Runing time for six partitioning methods (hclust, kmeans, pam, mclust, skmeans and NMF) on 206 GDS datasets and 223 recount2 datasets is visualized in Figure S8.1. Note cola analysis on each dataset was done with four CPU cores.

Figure S8.1. Running time of six partitioning methods on GDS and recount2 datasets. Y-axis is in log10 scale.
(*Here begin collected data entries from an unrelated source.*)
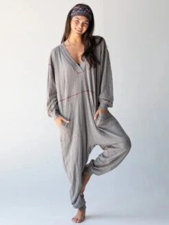Natural Life Knit V-Neck Jumpsuit – Charcoal
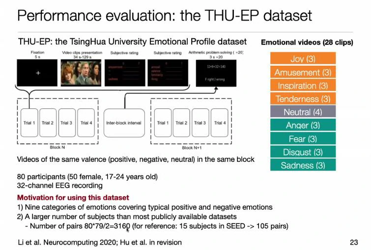 从脑电情绪识别的准确度来看,EEG识别的正确率普遍高于其它单模态检测,张丹教授从这一角度说明了为什么人们关注使用EEG进行情绪识别。
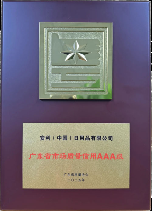 安利(中国)凭借深厚的质量诚信文化和卓越的经营管理实践,荣获广东省质量协会授予的2025年度广东省市场质量信用 “AAA”认证,“AAA”等级是该认证的最高等级。此次评价基于《企业
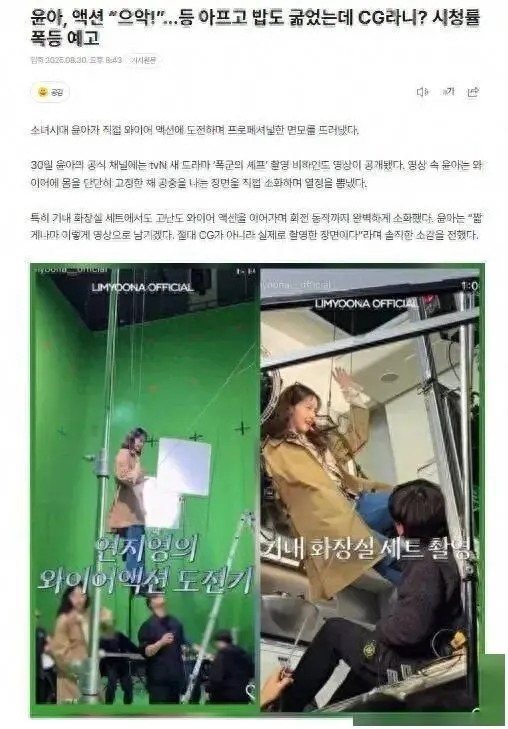 据韩国媒体8月30日报说念,允儿的官方频说念释出了tvN新剧《暴君的厨师》的拍摄幕后视频,速即引爆关怀。视频中,允儿被威亚紧紧吊起,在机内卫生间模拟舱中反复锻练空中遨游手脚,以致主动合作完成多角度旋转,专科格调拉满。
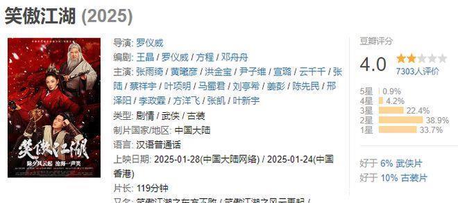 在豆瓣平台,《笑傲江湖》被打出了4.0分,二星差评占比最高,约为38.9%,其次是一星差评,占比约为33.7%。
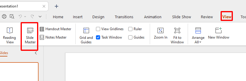 Step 3: In the Master Views group, click Slide Master.
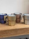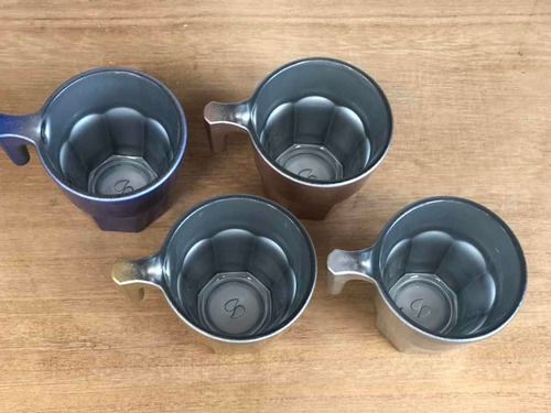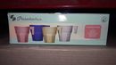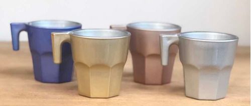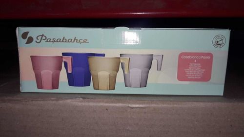 Set x 4 tazas en vidrio color ( exterior) PASABAHCE Vidrio Templado Capacidad : 70 cc Medidas : Alto de la taza : 6 cms. / Diametro de la boca : 5,3 cms. / Diametro de la base : 3,8 cms Base tiene 8 lados , la boca es redonda (ver fotos) Color : 1 dorado , 1 plateado , 1 rosa pastel , 1 azul pastel....

Figure S8.1. Running time of six partitioning methods on GDS and recount2 datasets. Y-axis is in log10 scale.

We also compared the running time for the consensus partitioning generated from sampling on matrix rows and columns. Figure S8.2 shows the results generated from TCGA GBM dataset. We set number of random samplings to 25, 50, 100 and 200 for both row sampling and column sampling. For each set of parameters (i.e. number of random samplings and which dimension on the matrix to apply), cola was run for 100 times to obtain the variability of running time. Figure S8.2A illustrates the running time for all six partitioning methods and Figure S8.2B illustrates the mean ratio of running time between column sampling and row sampling.

For TCGA GBM dataset, column sampling runs on average 1.45 times longer than row sampling.

Figure S8.2. Running time of consensus partitioning generated by matrix row sampling and column sampling, on TCGA GBM dataset.

Figure S8.2. Running time of consensus partitioning generated by matrix row sampling and column sampling, on TCGA GBM dataset.

Similar result on HSMM single-cell dataset is demonstrated in Figure S8.3. The average difference for column sampling against row sampling is 1.65 fold.

Figure S8.3. Running time of consensus partitioning generated by matrix row sampling and column sampling, on HSMM single-cell dataset.

Figure S8.3. Running time of consensus partitioning generated by matrix row sampling and column sampling, on HSMM single-cell dataset.